Ukrainian politician

Oleh Yevheniyovych Voronko (Олег Євгенійович Воронько; born 15 May 1974) is a Ukrainian politician currently serving as a People's Deputy of Ukraine representing Ukraine's 103rd electoral district since 2019. Elected as a member of Servant of the People, he has been a member of Restoration of Ukraine since 2022.

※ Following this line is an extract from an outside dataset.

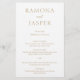 Elegant falsk guld budget vigselmeny folder (tryckt på detta skrivarpapper) med en enkel och minimalistisk design. En klassisk layout med era namn i stor bokstav för ett modernt twist på denna traditionella stil. En vigselmeny som är perfekt för ett formellt bröllop.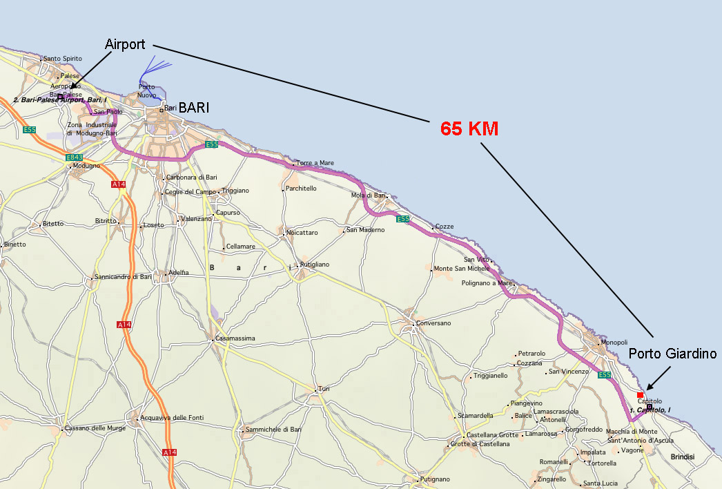 Exit the highway at BARI NORD, then follow Brindisi-Lecce directions. In this way you reach the SS16 (also indicated as E55); see map below.

== Early life and career ==
Oleh Yevheniyovych Voronko was born on 15 May 1974 in the city of Svitlovodsk, then under the Soviet Union. He graduated from the Higher School of Occupational Safety Management in Katowice, Poland, as well as the National Metallurgical Academy of Ukraine, both times in management. He also graduated from the faculty of high molecular weight compound technology at the Dnipropetrovsk Chemical-Technological Institute.

Prior to becoming a People's Deputy of Ukraine, Voronko worked in the IT sector, developing technology designed to improve the durability of technological equipment. He also founded Instant Foods Group and Agrotrade Group, the latter of which is a produce transport company.

== Political career ==
In the 2019 Ukrainian parliamentary election, Voronko was the candidate of Servant of the People in Ukraine's 103rd electoral district. At the time of the election, he was an independent. He was successfully elected, defeating former mayor of Oleksandriia and People's Deputy Stepan Tsapiuk (belonging to Opposition Platform — For Life) with 38.01% against Tsapiuk's 14.75%.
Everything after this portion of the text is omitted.